Bein' from Los Angeles, in Southern California, my family tended toward the flat mid-western, urban sound that was favored by radio and TV announcers and newsmen (but not 'puker' DJ's).
I was the one big exception to this. As a young boy, I loved cowboys and imitated everything about them, including their lazy speech pattern. I was also raised in my most formative years by my Grandmother who came from the Inter-Mountain States. This also gave her that twangy Western way of speech. Much of my Western accent was suppressed when I was in school, but it just naturally came back as I began to travel for work, mostly in the Midwest, Southwest and the South. Elements of these regions easily blended into my accent and speech patterns. I still tended to front load my accents though. This applied to living in the Northeast later on, as subtle elements the regional phraseology crept into my language, but thankfully, little of the regional accents.
This was a long way of getting to the point. During the 2008 election, a Democrat friend of was asking me what I thought of Sarah Palin. I thought she was fine, I actually preferred her to McCain. My friend argued, "How can you like her, with the way she speaks and drops her G's at the end of words?"
"You mean the Western way I speak and drop my G's?" I replied. End of argument.
Regional dialects are funnier thing in America, even than they are in England. The are less stratified, more blended and, because of more mobility, regionally blurred.
This became even more acutely apparent to me as my niece notice, with some amusement, wondered where I had come from since I didn't sound or speak like the rest of the family. She said I sounded like no one else, with low voice that is a mix of Southwestern, Southern and Northeastern accents. m/r
Southerners and Gs - Charles C. W. Cooke - National Review Online
Surprisin’ twists in the history of English pronunciation.

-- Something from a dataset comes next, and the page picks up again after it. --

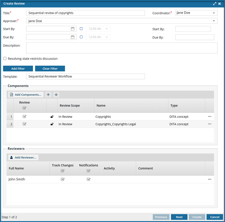 Result: The Select Project Components screen closes and you are returned to the Create Review screen.
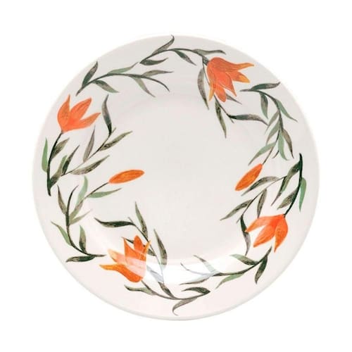 cada borda e pires recebem o desenho feito à mão da flor de cor laranja junto de

AUGUST 25, 2012 bt Charles C. W. Cooke
Americans are not infatuated with class in the manner that the British are, but accents remain consequential nonetheless. How else to explain the Amazing Disappearing G, a trick of pronunciation that, whereabouts permitting, politicians on the campaign trail and beyond are keen to perform? Vice President Joe Biden, during his ignoble allegation that the Republican party has a secret plan to put black Americans “back in chains,” avoided the participial G as if he were fatally allergic.
Were we in the Southern states, Biden’s trick would instead be called the Amazin’ Disappearin’ G, and this has not been lost on any of this year’s presidential contenders. While Mitt Romney has much less of a tendency toward dropping his Gs than does Barack Obama, the Republican candidate is not wholly innocent: Touring the South during the primaries, Romney wished supporters a “fine Alabama good mornin’” and took to asking, rhetorically, “Ain’t that somethin’?” This while pretending to like grits, no less.

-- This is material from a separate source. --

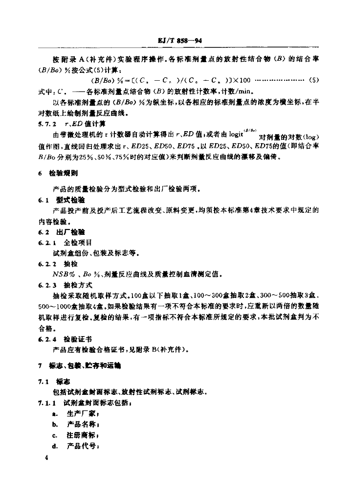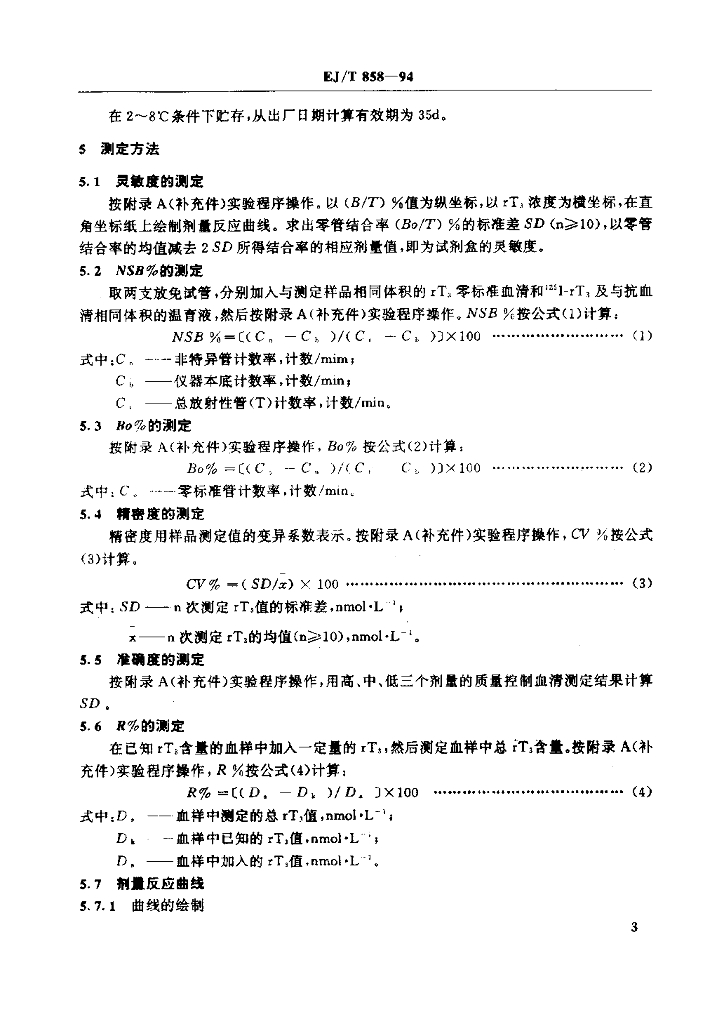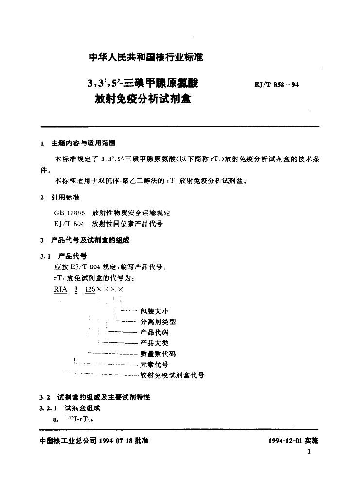 EJ/T 858-1994 三碘甲腺原氨酸放射免疫分析试剂盒

Imitation being the sincerest form of flattery, why politicians do this is self-evident. But more interesting is why Southerners do it in the first place. The answer is surprising: Actually, Southerners are truer to “original” English voicing than are their G-happy Northern counterparts. Chalk one up there for Biden. Historically, writes Barbara Strang in A History of English, “the more ‘correct’ pronunciation [i.e., the pronunciation of Gs], as it was considered, was in reality an innovation, based upon the spelling.” That is to say that Southerners who are speakin’ instead of speaking are “correct” — insofar as anybody can be right or wrong linguistically — and, by contrast, educated types who disparage the loss of the G are “incorrect” to do so, their admonishments serving only as invitations further to change the very language that they are attempting to preserve.